TASK GOAL
Reproduce word for word every line from the one containing "This inkstone was" to the final line of the data below; omit the pictures.

-=-=-

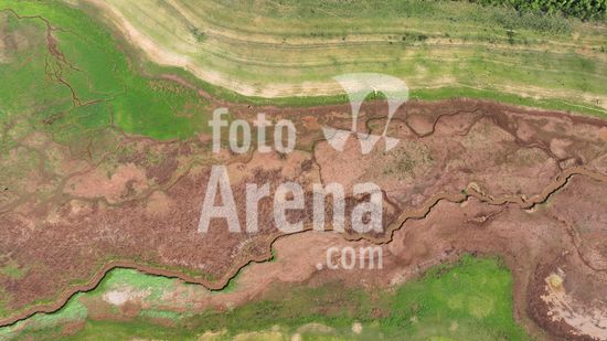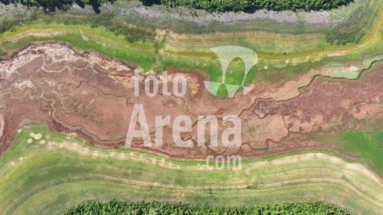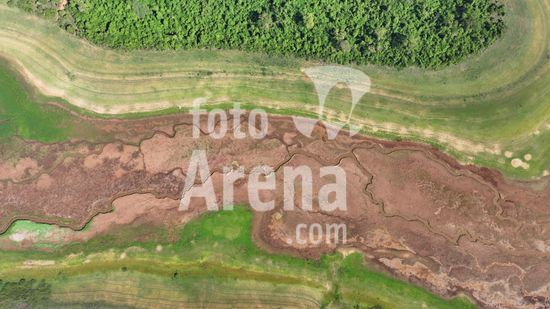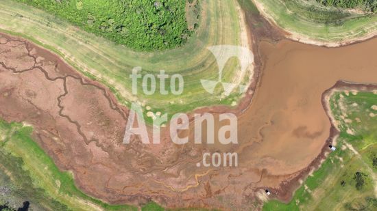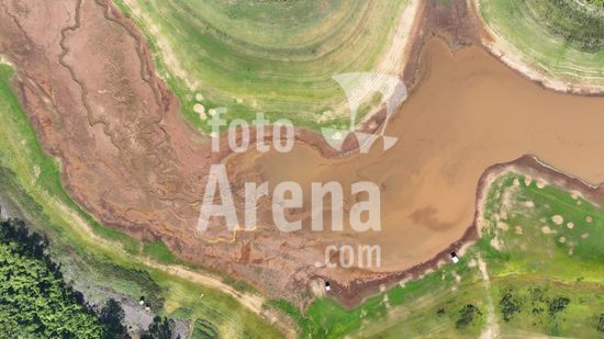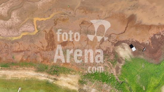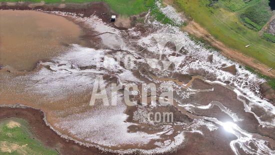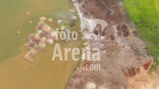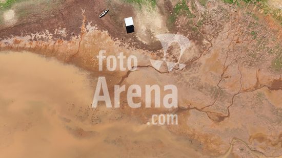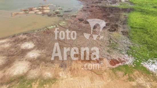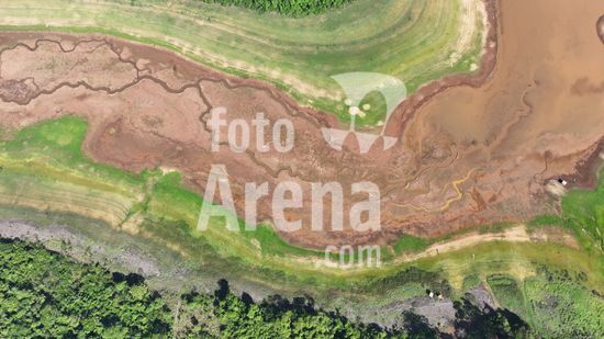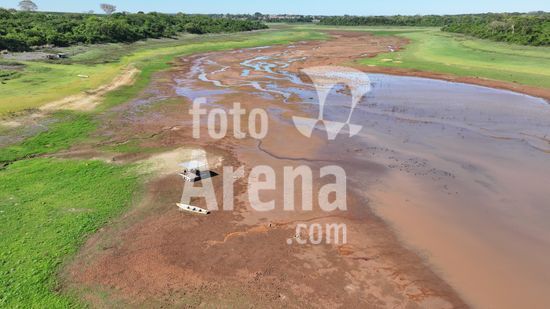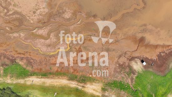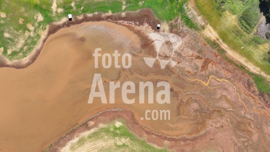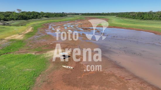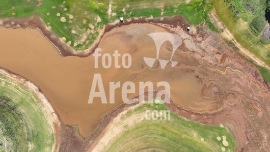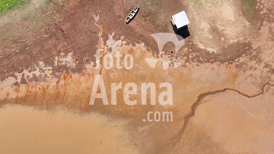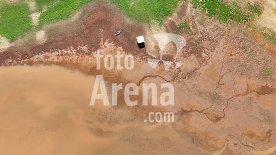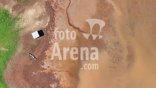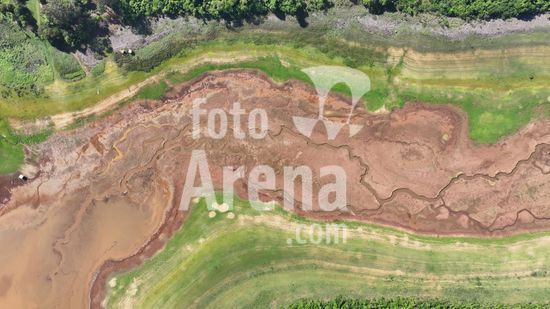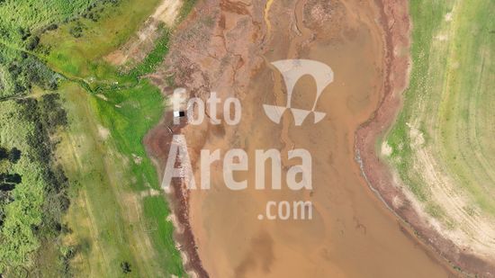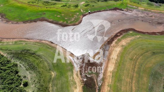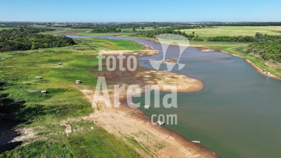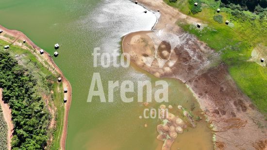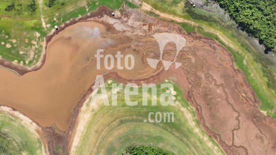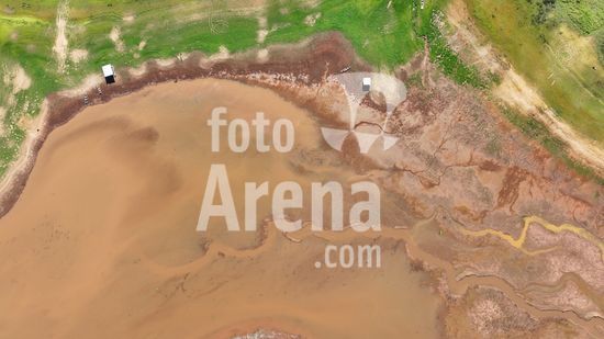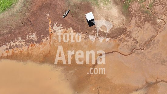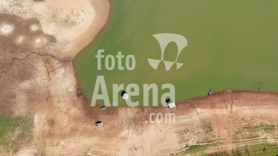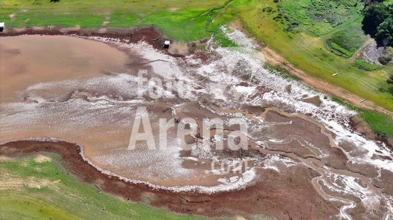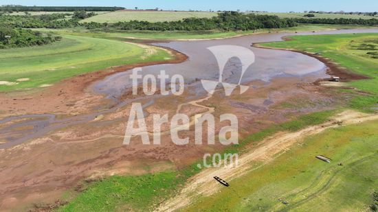 Imagem feito por um drone , mostra a represa de Marimbondo, na cidade de Guaraci, Interior de São Paulo, onde deveria estar com 30 metros de profundidade é possível ver filetes de água.O sudeste está com uma das bacias hidrelétricas com níveis abaixo de 40%, segundo site da ONS, (operador nacional do sistema elétrico). Com quatro grandes reservatórios ao longo da bacia do Rio Grande, uma da principais do país, responsável por 25% da geração de energia do sistema. A bacia do Rio Grande tem enfrentando baixos níveis desde 2021. O reservatório de Marimbondo que fica próximo da cidade de Guaraci- interior de SP e está com níveis abaixo de 29% da sua capacidade .O reservatório de Água Vermelha, que fica mais abaixo na bacia, está com 24% e o deFurnas, o primeiro deles e o maior reservatório do sudeste, conhecido como "Mar de Minas" está com 36%.A maior rede de represas de abastecimento de água da capital paulista, sistema Cantareira, está com volume útil a 25,2% da capacidade, bem próximo de uma marca crítica de 24% em 2015. Uma estiagem atinge também o nordeste brasileiro, que tem oito de seus nove estados entre os mais impactados, e no Acre, onde todas as 22 cidades foram afetadas.
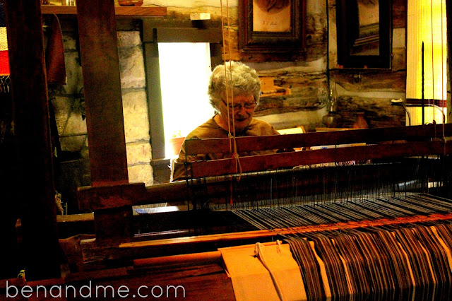 At Spring Mill, not every interpreter is available every day (they each have days off on either a Mon/Wed or Tues/Thurs schedule, so that everyone is available on the busy days — Friday, Saturday, and Sunday. Because we were there on July 4th, all of the historic interpreters were on hand. Unfortunately, that meant that not everyone was there the next day, a Friday. We missed out talking with some, thinking that everyone would be there on Friday, as usual. We did see and speak with quite a few though — the miller, weaver, broom maker, leather worker, lace maker, and blacksmith among them.
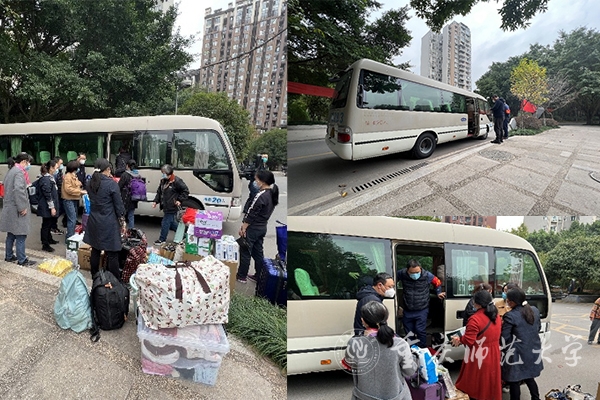 疫情就是命令!11月24日,根据学校疫情防控需要,经请示上级相关部门同意,在审查核酸检测结果的基础上,居住在师大园的40名处科级干部和4名教师乘坐学校安排的专车按照固定路线从师大园闭环返校参加疫情防控工作。
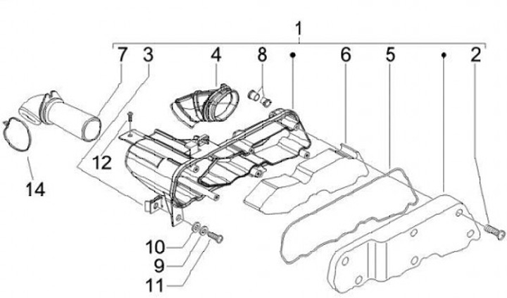 Saluran masuk untuk kotak filter udara -PIAGGIO- Vespa LX 50 (ZAPC38101, ZAPC38104), Vespa LXV 50 (ZAPC38102), Vespa Primavera 50 (ZAPC53200), Vespa S 50 (ZAPC38103), Vespa Sprint 50 (ZAPC53201), Gilera Stalker 50 (ZAPC40100, ZAPC40101, ZAPC40102), Gilera
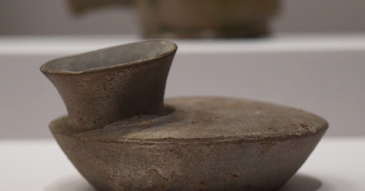 This inkstone was excavated at Miyahara No. 1 Tumulus in Miyahara, Shizuoka prefecture, Japan. It dates from the 7th century CE, during the Kofun period. (Tokyo National Museum)
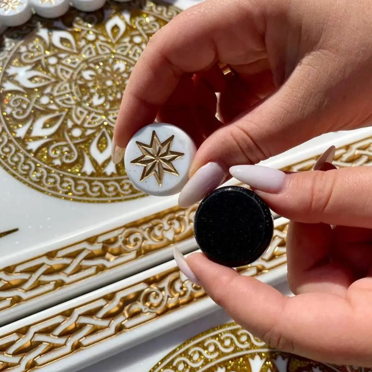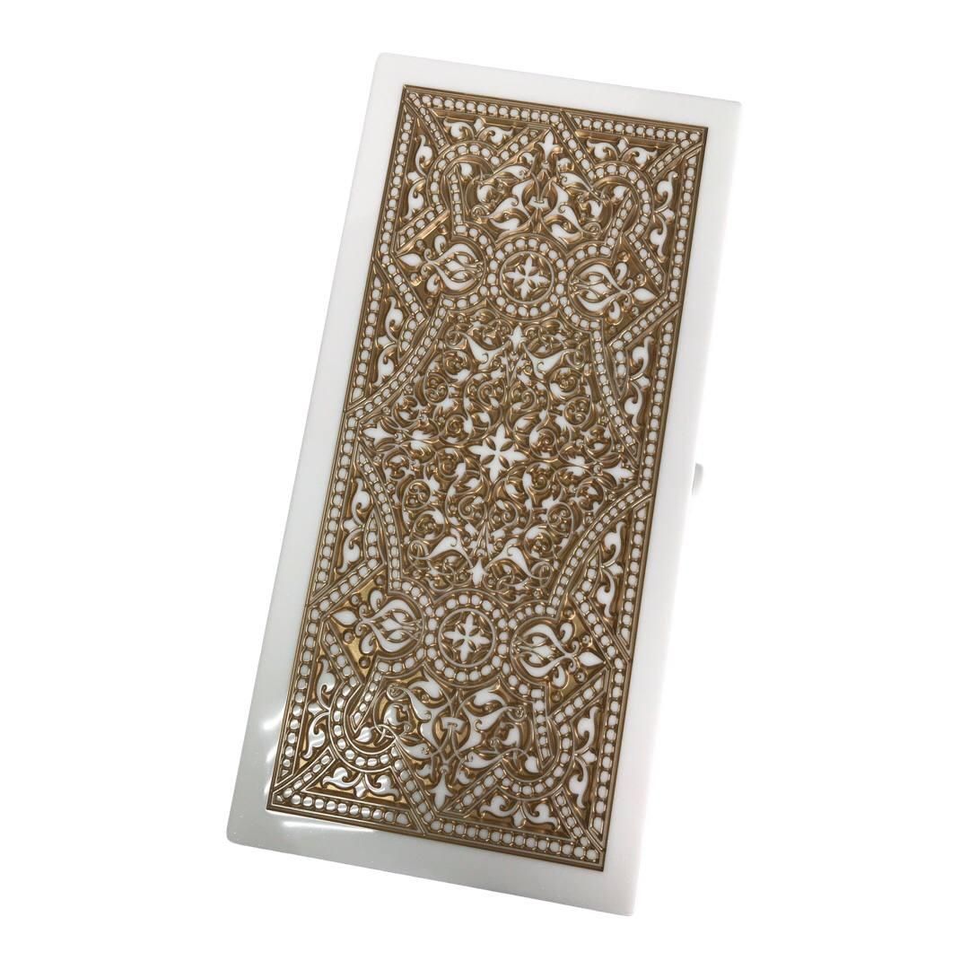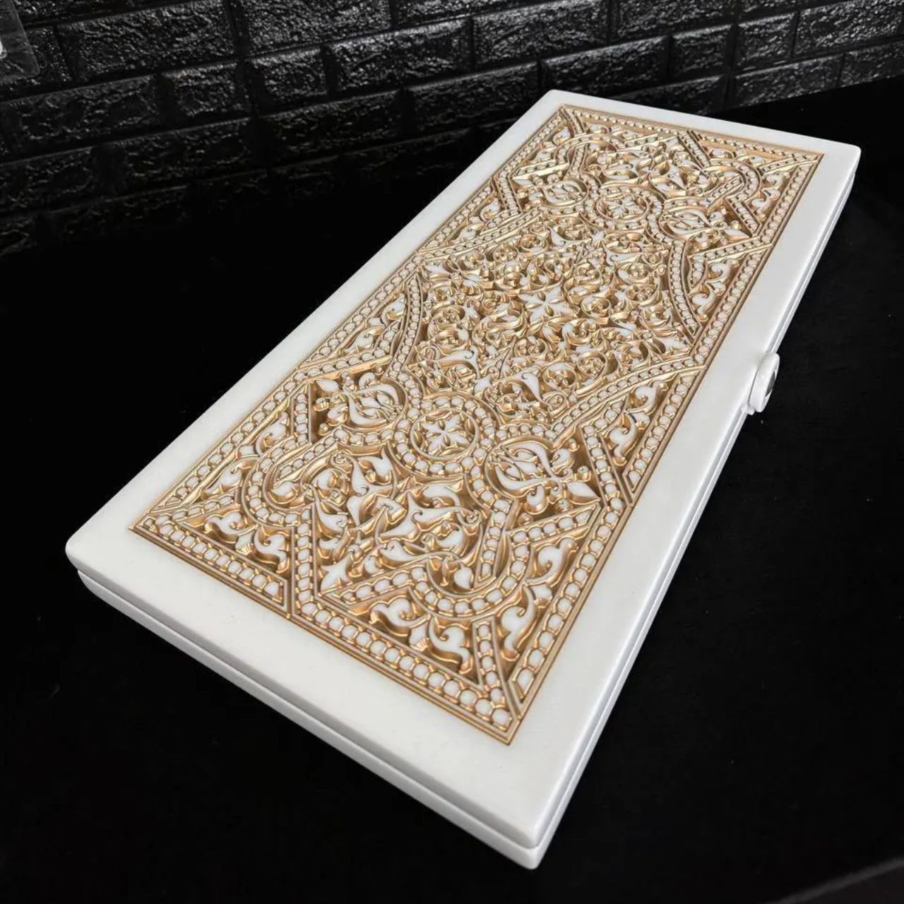 Нарды из белого камня Орнамент 58×28×5см
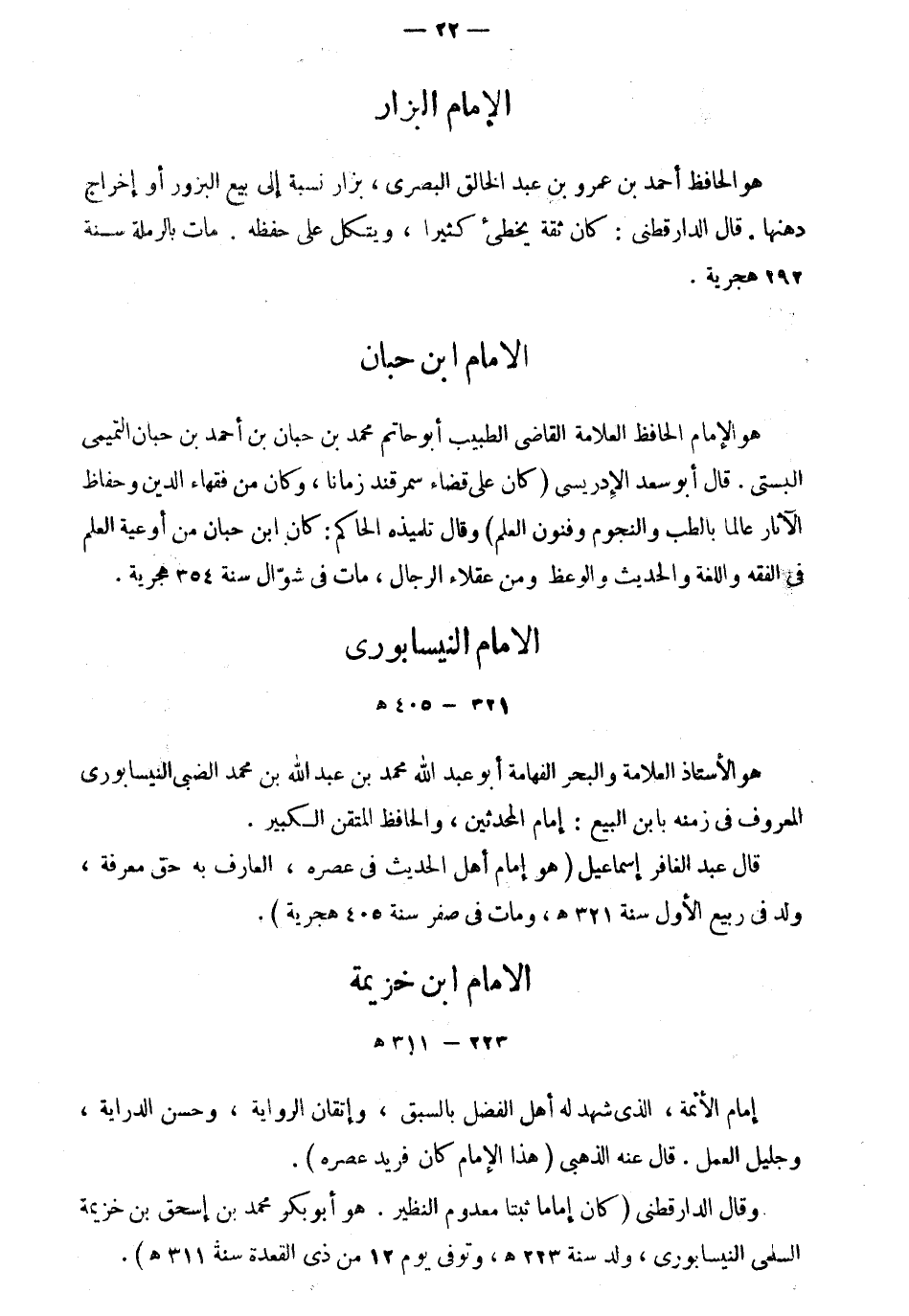 وقال الدراقطنى (كان إماما ثبتا معدوم النظير. هو أبو بكر محمد بن إسحق بن خزيمة السلمي النيسابوري، ولد سنة 223 هـ، وتوفي يوم 12 من ذي القعدة سنة 311 هـ).

-=-=-

SOLUTION TO THIS PROBLEM
 This inkstone was excavated at Miyahara No. 1 Tumulus in Miyahara, Shizuoka prefecture, Japan. It dates from the 7th century CE, during the Kofun period. (Tokyo National Museum)
 Нарды из белого камня Орнамент 58×28×5см
 وقال الدراقطنى (كان إماما ثبتا معدوم النظير. هو أبو بكر محمد بن إسحق بن خزيمة السلمي النيسابوري، ولد سنة 223 هـ، وتوفي يوم 12 من ذي القعدة سنة 311 هـ).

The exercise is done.